What the exercise asks
Only the lines in the entries below from the line with "Grillen - die" to the line with "新华社:广西一高校免费请全校学生吃烧鹅", both included, belong in the answer, transcribed exactly and without pictures.

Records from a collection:
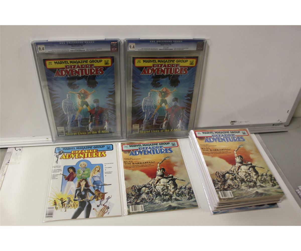 CGC BIZARRE ADVENTURES RUN + DUPLICATES (MARVEL) 15 RAW COPIES BETWEEN #25-32 & 2 CGC 9.4 (NM) COPIES OF #27 (X-MEN) 7/81. HIGH GRADE AVERAGE.
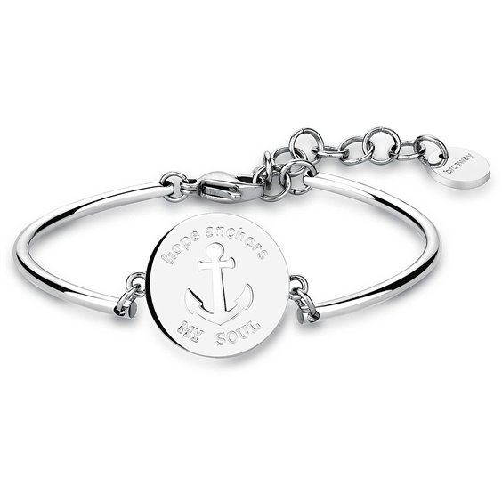 Bracciale Brosway da donna collezione Chakra. Realizzato in Acciaio 316L. Piastrina centrale con incisa un Ancora (che rappresenta sicurezza, speranza ed Quilibrio) e la scritta 'Hope anchors my soul' (La speranza è ancorata all'anima).
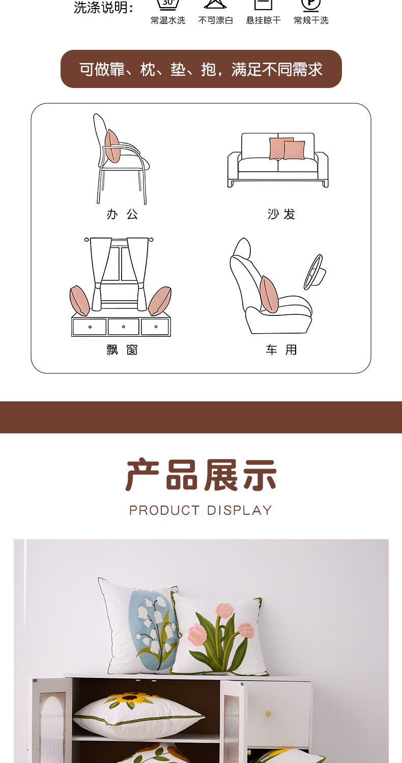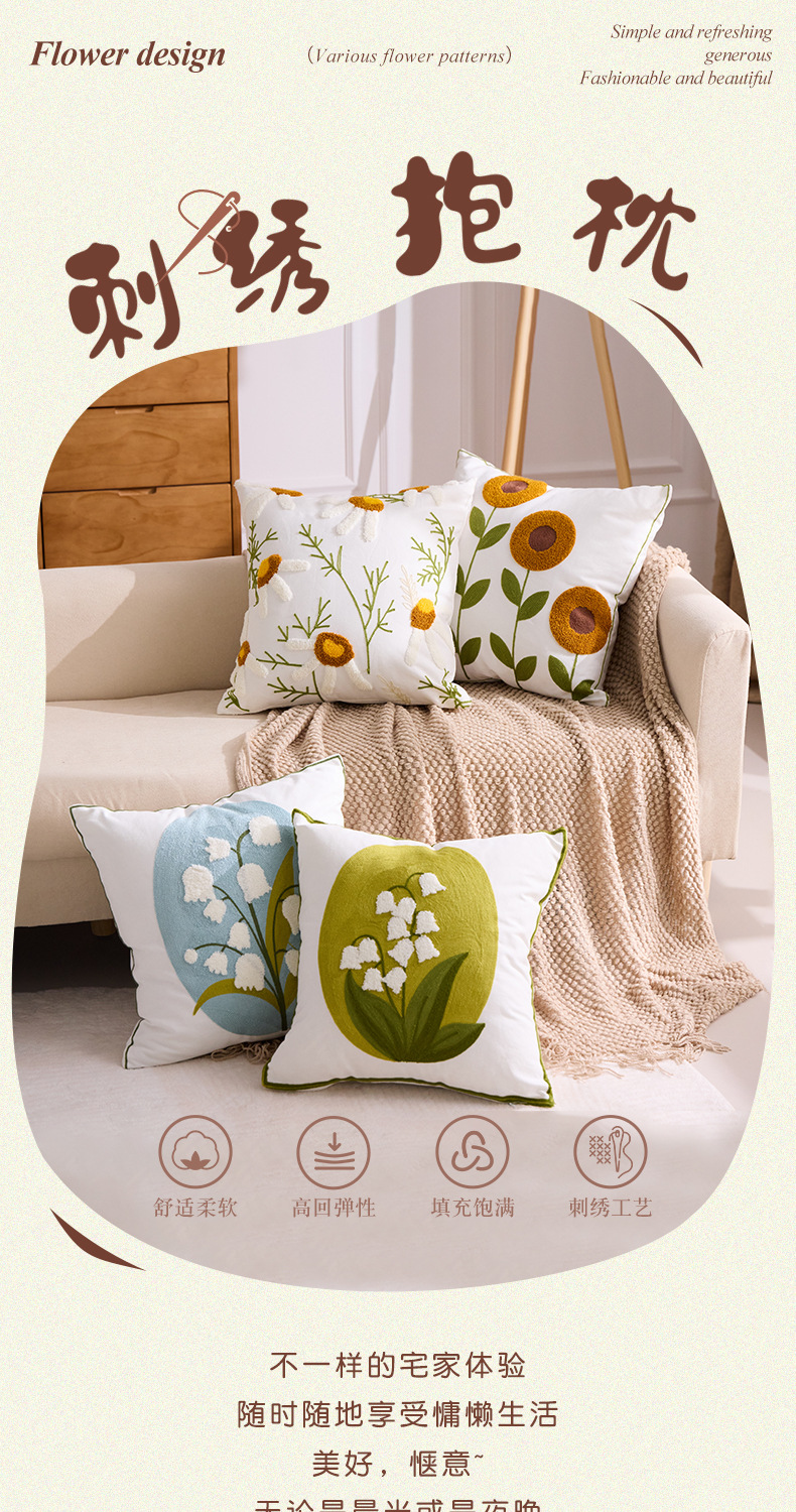 新しいクロスボーダー花柄タオル刺繍枕カバーベッドサイドクッションソファ車リビングルームクッション背もたれ腰は芯を含むことができます
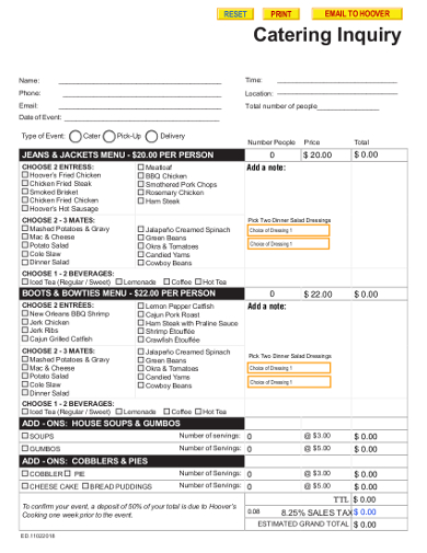 Catering Inquiry Form Template
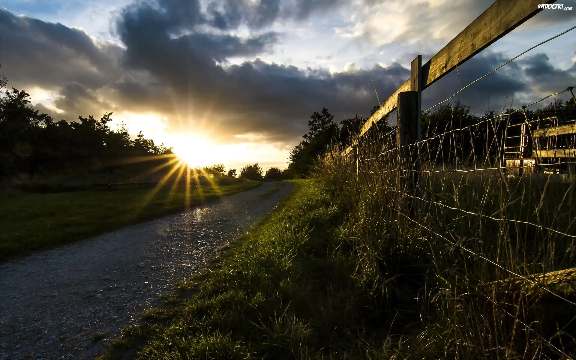 Zdjęcia, Polna, Droga, Ogrodzenie, Wschód Słońca
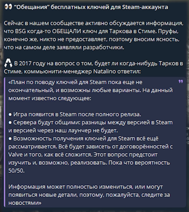 🟠На релизе в PvP-режиме будет два персонажа: сезонный, с вайпами и безвайповый. По словам Никиты, они будут стараться делать каждый вайп уникальным, предлагая новый опыт игроку; 🟠В сюжете будет 4 концовки. По мнению Никиты, самую лучшую концовку смогут получить лишь 2% всех игроков; 🟠Все локации, кроме Эпицентра, будут закрыты на релизе. Игроку придётся открывать их постепенно, продвигаясь по сюжетной линии. Такое решение также поможет замедлить общую прогрессию; 🟠Важной частью релизного патча станет глобальный ребаланс: планируется переработка системы навыков и модификаторов; 🟠Некоторые механики хардкорного вайпа перейдут в релизную версию игры. Например, планируется оставить 50% спавн боссов; 🟠Линейку квестов «Тест-Драйв» упростят на релизе; 🟠1.0 будет раем для новичков — в игру добавят «полезные функции», которые помогут ньюфагам вкатиться в игру; 🟠Без баб — в игре не будет женщин ЧВК, только NPC; 🟠На вопрос о переработке Маяка, которую считают худшей локацией в игре, Никита ответил: «тебе просто нужно стать лучше»; 🟠После релиза игру будут поддерживать ещё как минимум пять лет; 🟠На данный момент у BSG есть запас по контенту для Таркова на три года вперёд.
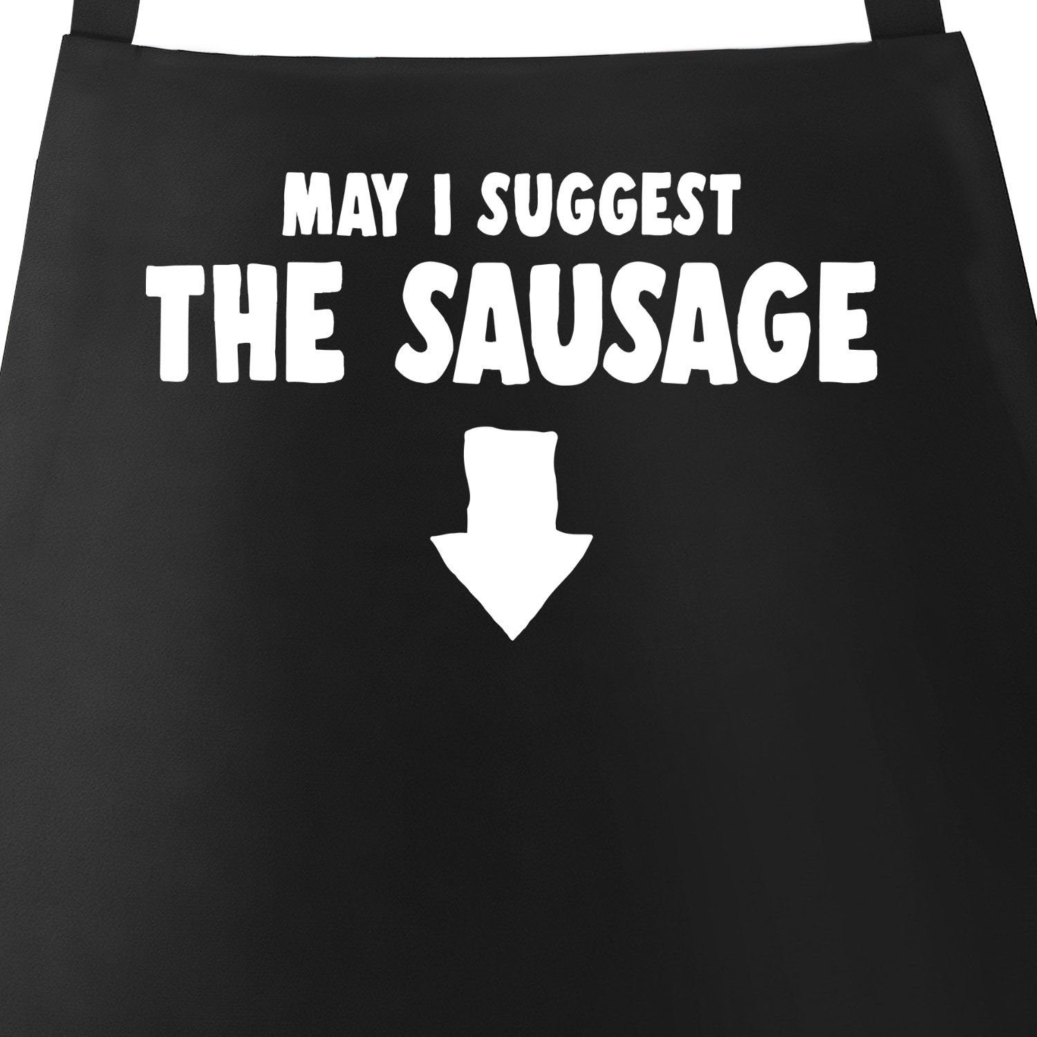 Grillen - die Männerdomäne schlechthin. Bier, Fleisch, Grill. Mehr braucht “Mann” nicht. Die Grillschürze mit dem witzig zweideutigen Spruch "May I suggest the Sausage" sorgt für die richtigen Lacher zur Grillfeier!
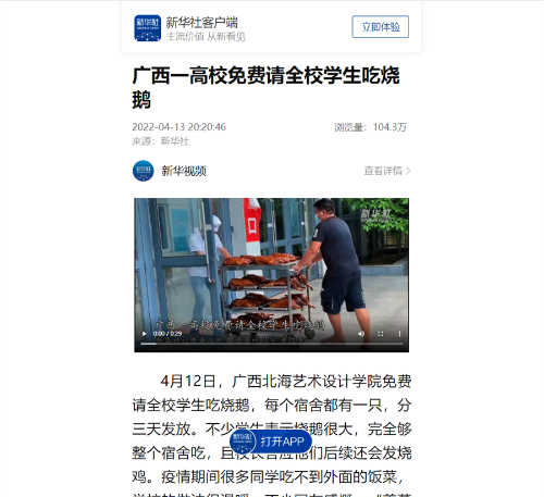 新华社:广西一高校免费请全校学生吃烧鹅
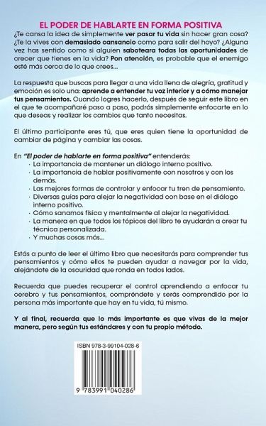 ¿Te cansa la idea de simplemente ver pasar tu vida sin hacer gran cosa? ¿Te la vives con demasiado cansancio como para salir del hoyo? ¿Alguna vez has sentido como si alguien saboteara todas las oportunidades de crecer que tienes en la vida? Pon atención, es probable que el enemigo esté más cerca de lo que crees... La respuesta que buscas para llegar a una vida llena de alegría, gratitud y emoción es solo una: aprende a entender tu voz interior y a cómo manejar tus pensamientos. Cuando logres hacerlo, después de seguir este libro en el que te acompañaré paso a paso, podrás simplemente enfocarte en lo que deseas y realizar los cambios que tanto necesitas. El último participante eres tú, que eres quien tiene la oportunidad de cambiar de página y cambiar las cosas. En "El poder de hablarte en forma positiva" entenderás: · La importancia de mantener un diálogo interno positivo. · La importancia de hablar positivamente con nosotros y con los demás. · Las mejores formas de controlar y enfocar tu tren de pensamiento. · Diversas guías para alejar la negatividad con base en el diálogo interno positivo. · Cómo sanamos física y mentalmente al alejar la negatividad. · La manera en que todos los tópicos del libro te ayudarán a crear tu técnica personalizada. · Y muchas cosas más... Estás a punto de leer el último libro que necesitarás para comprender tus pensamientos y cómo ellos te pueden ayudar a navegar por la vida, alejándote de la oscuridad que ronda en todos lados. Recuerda que puedes recuperar el control aprendiendo a enfocar tu cerebro y tus pensamientos, compréndete y serás comprendido por la persona más importante que hay en tu vida, tú mismo. Y al final, recuerda que lo más importante es que vivas de la mejor manera, pero según tus estándares y con tu propio método.

Task response
 Grillen - die Männerdomäne schlechthin. Bier, Fleisch, Grill. Mehr braucht “Mann” nicht. Die Grillschürze mit dem witzig zweideutigen Spruch "May I suggest the Sausage" sorgt für die richtigen Lacher zur Grillfeier!
 新华社:广西一高校免费请全校学生吃烧鹅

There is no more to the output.